(MATERIAL PROVIDED):
⟨

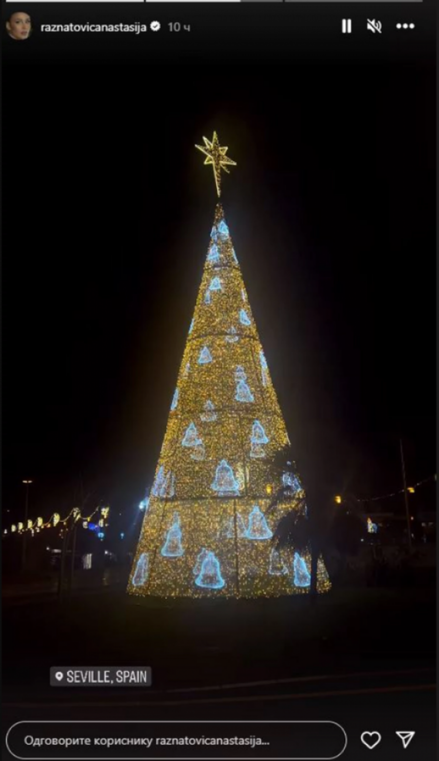 Anastasija Ražnatović, nakon udaje za fudbalera Nemanju Gudelju, preselila se u Sevilju gde trenutno uživa u prazničnoj atmosferi. Na svom Instagram profilu, Anastasija je podelila video snimak ogromne jelke koja krasi trg u centru grada. Jelka je ukrašena hiljadama lampica, sa detaljima u obliku zvončića, dok se na vrhu ističe velika zvezda. Ovaj bajkoviti prizor oduševio je mnoge, a Anastasija je ubrzo napravila i selfi, pozirajući bez šminke i u opuštenom izdanju, a nikome nije mogao da promakne skupoceni šal marke "Gucci" koji je imala na sebi.
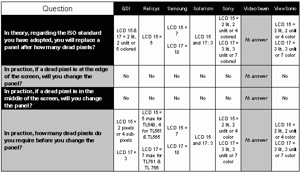 On Tom's Hardware page you find an interesting article on LCD displays and the fact that there are still no real specification available (how many dead pixels does it take before the manufacturers agree to replace a monitor).
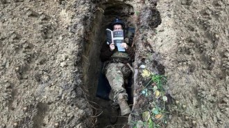 Світлина українського воїна, який читає книгу Тімоті Снайдера в окопі

⟩

(WHAT YOU HAVE TO DO):
Print the material exactly as given, but not the pictures.

(THE COMPLETED TASK):
 Anastasija Ražnatović, nakon udaje za fudbalera Nemanju Gudelju, preselila se u Sevilju gde trenutno uživa u prazničnoj atmosferi. Na svom Instagram profilu, Anastasija je podelila video snimak ogromne jelke koja krasi trg u centru grada. Jelka je ukrašena hiljadama lampica, sa detaljima u obliku zvončića, dok se na vrhu ističe velika zvezda. Ovaj bajkoviti prizor oduševio je mnoge, a Anastasija je ubrzo napravila i selfi, pozirajući bez šminke i u opuštenom izdanju, a nikome nije mogao da promakne skupoceni šal marke "Gucci" koji je imala na sebi.
 On Tom's Hardware page you find an interesting article on LCD displays and the fact that there are still no real specification available (how many dead pixels does it take before the manufacturers agree to replace a monitor).
 Світлина українського воїна, який читає книгу Тімоті Снайдера в окопі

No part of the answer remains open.